Асна ответила со слезами в голосе, что любит Мулика и не хочет выходить замуж ни за кого другого. Она терпеть не может, с позволения сказать, «золотую молодежь», этих болтунов, франтов и прожигателей жизни, которые вылупляют на каждую девушку свои глупые телячьи глаза. Мулик — серьезный человек, очень начитанный, и он предан ей. Она верит, что он еще поменяет свои взгляды. Ведь он не член Коммунистической партии. Он только сочувствующий. Если бы он всерьез верил во все, что говорит, то выбрал бы себе девушку, состоящую в партии. Гавриэл слушал и думал, что каждое слово, произносимое сестрой, противоречит следующему ее слову. Однако в одном он был с ней согласен: мама не должна об этом знать, точно так же, как родители Мулика не знают, что их сын — нелегальный левый активист. С этого вечера брат ходил повзрослевший и озабоченный судьбой сестры и больше не злился на маму.
Взыскиваемых долгов госпоже Раппопорт уже не хватало на себя и на детей. Поэтому она начала приторговывать полотняными мешками, новыми и использованными. Ее покупателями были те же самые зерноторговцы, что вели торговые дела с ее мужем. Человек, нанятый на улице, переносил эти мешки от продавщицы к покупателям. Мать несколько раз говорила детям, что им стоит переехать из богатого двора, расположенного на Портовой улице[191]

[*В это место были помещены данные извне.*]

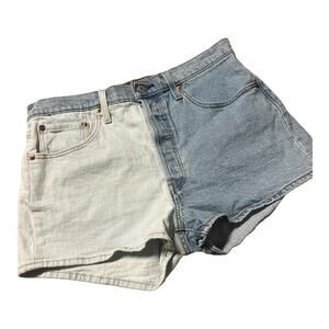 Levis 501 Original Two Toned Denim Hidden Button Front Stretch Jean Shorts 32

, в бедный район, в квартиру поменьше, где квартплата будет в два раза ниже. Дети соглашались, но Басшева все-таки не торопилась с переездом. Ей не хотелось расставаться ни с чем из того, что напоминало ей о счастливых годах, прожитых с мужем. Каждое утро она возвращалась с улицы промокшая или засыпанная снегом и замерзшая. Сын с болью в сердце смотрел на мать, которая всего год назад выглядела его старшей сестрой. Теперь ее лицо осунулось и пожелтело, волосы поседели, глаза погасли. Гавриэл хотел помочь ей в торговле, при покупке и продаже мешков, но мать строго ответила, что не даст ему предлога, чтобы не учиться. При этом она улыбнулась вымученно и ласково, как во время тяжелого поста в Судный день, когда он был еще маленьким мальчиком, сидел рядом с ней в женском отделении синагоги и время от времени прерывал ее посреди молитвы или чтения тхинес.Однажды утром Асна разбудила брата, сама еще одетая в ночную рубашку и наброшенный на плечи домашний халат. Она, дрожа, прошептала, чтобы он сразу же зашел к матери.
Басшева сидела на кровати, на которой спал ее муж и на которой он лежал больным до самой своей смерти. Прежде вдова обычно не прикасалась к предметам умершего и даже боялась ступать на пол в том месте, где он лежал, накрытый черным покрывалом. Однако в последнее время она стала использовать его вещи и спать на его постели, как будто хотела таким образом снова соединиться с ним. Теперь она сидела на кровати и рассказывала детям о своем ночном кошмаре с таким бледным лицом, как будто встала после тяжелой болезни, долгое время пробыв между жизнью и смертью.
Во сне она видела отца Гавриэла и Асны спускающимся в саване с кладбищенского холма. Зима, повсюду лежит глубокий снег, умерший торопится в город. Однако чем дольше и быстрее он идет, тем длиннее становится путь от надгробия до надгробия, от одного дерева, стоящего у дорожки, до другого. Сначала она следовала за ним на некотором расстоянии, пока не увидела, что кладбище все никак не заканчиваемся, а он уже шатается от усталости, хромает, идет сгорбившись. Тогда она стала догонять его и кричать: «Шлойме-Залман, куда ты идешь? Остановись, тогда и кладбище закончится». Она сама не знает, что хотела сказать этими словами. И она не помнит, действительно ли она так кричала или же только так думала. Но он, да будет ему земля пухом, даже не повернулся к ней и продолжил идти по той же кладбищенской дороге, как будто все городские здания превратились в могилы. От страха она побежала из последних сил, упала и проснулась.
— Не пропускай чтения кадиша и изучай Тору с постоянством. Тогда отец действительно найдет успокоение на том свете, и ему не придется скитаться в саване, — мать говорила это сыну с такой тоской и таким напряженным голосом, как будто этот пугающий путь через кладбище, увиденный ею во сне, все еще тянулся перед ее глазами.